◆ WORK TO COMPLETE
Would you please return the lines of the entries below starting at the line that has "HIGH QUALITY SUWERER" and ending at the line that has "Les agents dont", both included, exactly as they are?

◆ AVAILABLE DATA
::::

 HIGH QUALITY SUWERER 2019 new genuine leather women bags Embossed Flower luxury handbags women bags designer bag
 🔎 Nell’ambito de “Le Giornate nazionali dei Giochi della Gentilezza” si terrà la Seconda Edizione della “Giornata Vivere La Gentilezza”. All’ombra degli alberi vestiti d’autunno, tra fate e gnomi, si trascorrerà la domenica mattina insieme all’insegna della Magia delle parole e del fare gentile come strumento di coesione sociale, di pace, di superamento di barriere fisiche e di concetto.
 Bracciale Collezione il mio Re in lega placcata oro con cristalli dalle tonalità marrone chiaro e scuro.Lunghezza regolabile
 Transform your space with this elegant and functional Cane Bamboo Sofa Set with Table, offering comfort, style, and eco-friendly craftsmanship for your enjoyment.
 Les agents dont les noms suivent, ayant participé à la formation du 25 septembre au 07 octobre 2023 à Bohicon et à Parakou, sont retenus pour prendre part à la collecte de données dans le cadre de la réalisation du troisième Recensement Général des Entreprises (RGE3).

::::

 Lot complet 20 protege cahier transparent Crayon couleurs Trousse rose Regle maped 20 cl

::::

◆ OUTPUT
 HIGH QUALITY SUWERER 2019 new genuine leather women bags Embossed Flower luxury handbags women bags designer bag
 🔎 Nell’ambito de “Le Giornate nazionali dei Giochi della Gentilezza” si terrà la Seconda Edizione della “Giornata Vivere La Gentilezza”. All’ombra degli alberi vestiti d’autunno, tra fate e gnomi, si trascorrerà la domenica mattina insieme all’insegna della Magia delle parole e del fare gentile come strumento di coesione sociale, di pace, di superamento di barriere fisiche e di concetto.
 Bracciale Collezione il mio Re in lega placcata oro con cristalli dalle tonalità marrone chiaro e scuro.Lunghezza regolabile
 Transform your space with this elegant and functional Cane Bamboo Sofa Set with Table, offering comfort, style, and eco-friendly craftsmanship for your enjoyment.
 Les agents dont les noms suivent, ayant participé à la formation du 25 septembre au 07 octobre 2023 à Bohicon et à Parakou, sont retenus pour prendre part à la collecte de données dans le cadre de la réalisation du troisième Recensement Général des Entreprises (RGE3).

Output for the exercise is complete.